◆ **Task instructions**
Find the line below with "Нижний край экрана" and the line with "- Внутренняя отделка: осина". Output them and the lines between, exactly, but not the pictures.

◆ **Records contained in a dataset**
┄┄┄┄┄┄┄┄┄┄┄┄┄┄┄┄┄┄┄┄

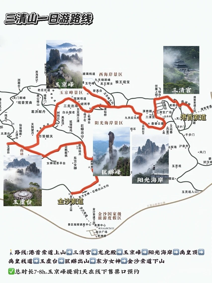 · “揽胜遍五岳,绝景在三清” 刚爬了40年首开的三清最高峰“玉京峰” 不愧是苏轼都赞不绝口的宝藏仙山! 推荐一条轻松不走回头路的路线 ✔️古刹祈福✔️云海栈道✔️奇峰怪石 新春登高祈福第一站就来这里! · 📍|江西上饶三清山风景名胜区 🚄|坐到德兴站,有直达港首索道站的班车,20r/人,车程40分钟。 · 🚶【我的路线】(7-8h) 港首索道上山➠三清宫➠龙虎殿➠玉京峰➠阳光海岸➠禹皇顶➠禹皇栈道➠玉虚台➠巨蟒出山➠东方女神➠金沙索道下山 · ✅【主要景点介绍】 1️⃣三清宫 海拔1533米的千年道教古观,八卦布局,尽显道家气韵,三清山登高祈福就来这里求个上上签。 2️⃣玉京峰 “天上白玉京,十二楼五城”,1819米的三清山最高峰不愧是人间仙境,尘封40年首开,记得提前一天在线下预约。 3️⃣阳光海岸 绝美云海栈道,偶遇好多小松鼠🐿️。随便一处拐角都很出片,找角度与奇峰怪石合影。 4️⃣玉虚台 因玉虚峰而得名,八卦图案的观景台,航拍会更加震撼!云海仙雾缭绕美到失语~ 5️⃣巨蟒峰+女神峰 近距离感受大自然的鬼斧神工,都是破了吉尼斯纪录的必打卡石峰,三清山的名片📷 · 📷【其他游玩tips】 ✔️玉京峰目前只能提前1天在线下售票口预约,每天150个名额,限流的爬山体验感很好。 ✔️港首索道上,金沙索道下,可以看完大部分景点,且基本都是下行路段,会轻松很多! ✔️ 索道17:30停运,逢节假日金沙索道大概率会排队,提前做好时间规划。想深度打卡也可以在山上住一晚。 ✔️ 索道站之间有免费接驳车,行李寄存山下都很方便。 ✔️ 带一些补充能量的小零食的饮用水 ·
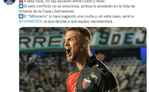 Según informó César Luis Merlo, hasta la fecha no hay acuerdo entre las instituciones y, a pesar de la fuerza que pueda estar haciendo el jugador desde su lugar, Colón lo anotará en la lista de buena fe de la CONMEBOL Libertadores para que juegue el partido de ida de los octavos de final contra Talleres de Córdoba, el próximo 29 de junio. De esta manera, si suma al menos un minuto en cancha no podrá participar con River en toda la edición del certamen continental.
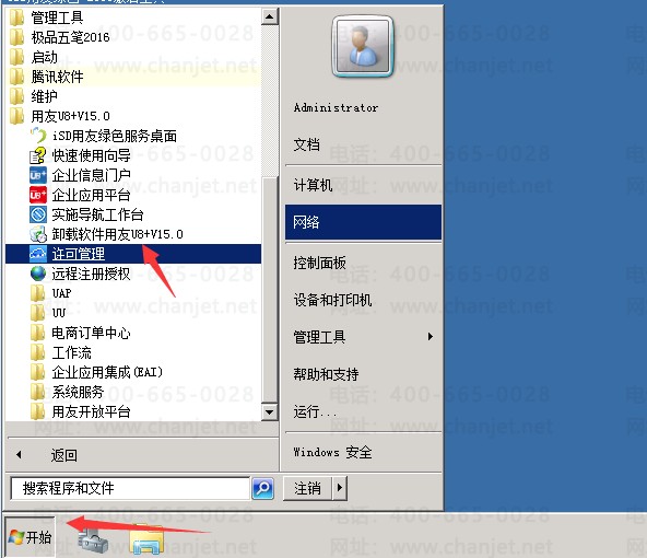 方法步骤:开始-->所有程序-->用友U8+V15.0-->许可管理
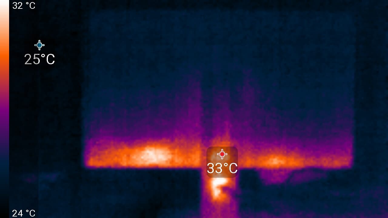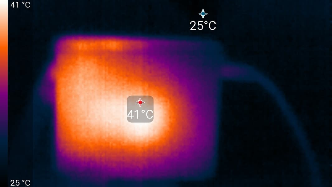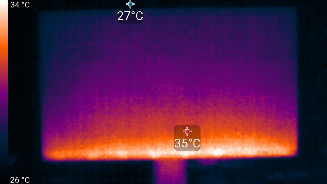 Нижний край экрана нагрелся до 35 °C максимум. Видимо, внизу находится светодиодная линейка подсветки экрана. Нагрев сзади умеренный:
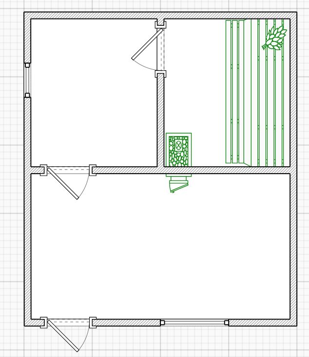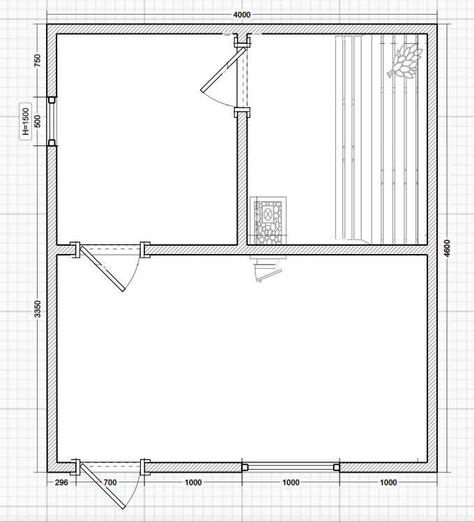 - Внутренняя отделка: осина (парная), сосна (моечная, раздевалка).
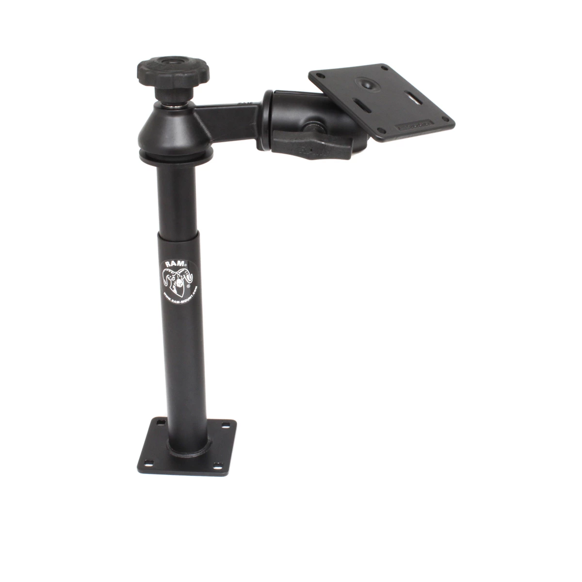The lower female Tele-Pole™ will attach to all RAM vehicles bases that do not contain a welded female Tele-Pole™. The height of the Tele-Poles™, combined, can easily be adjusted by turning the knob at the top of the post. Once the knob has been tightened, the Tele-Pole™ becomes a rigid support for connecting devices or cradles. The 3.625″ square base includes a 75mm X 75mm VESA hole pattern with 1.5″ rubber ball positioned 0.88″ from the center of one edge.
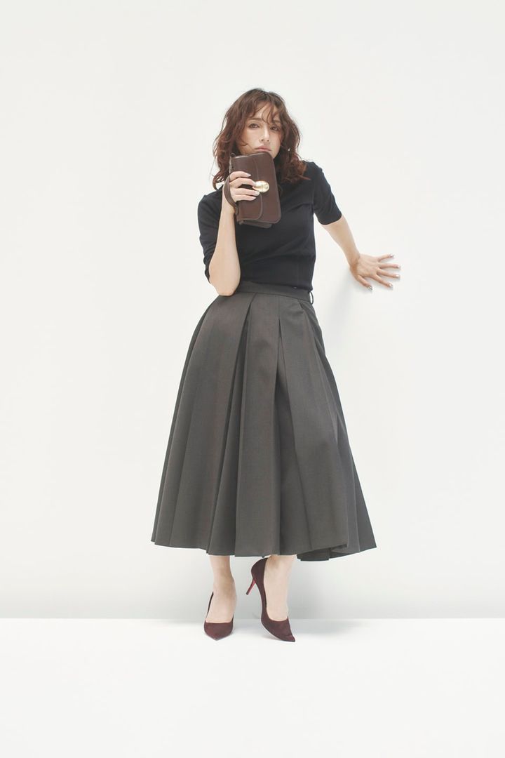 スカート¥80,300(エブール/リトルリーグ インク)、ニット¥24,200(エストネーション)、バッグ¥165,000※参考価格(ネオス/共にザ・ウォール ショールーム)、シューズ¥137,500(クリスチャン ルブタン/クリスチャン ルブタン ジャパン)

┄┄┄┄┄┄┄┄┄┄┄┄┄┄┄┄┄┄┄┄

◆ **Output of the task**
 Нижний край экрана нагрелся до 35 °C максимум. Видимо, внизу находится светодиодная линейка подсветки экрана. Нагрев сзади умеренный:
 - Внутренняя отделка: осина (парная), сосна (моечная, раздевалка).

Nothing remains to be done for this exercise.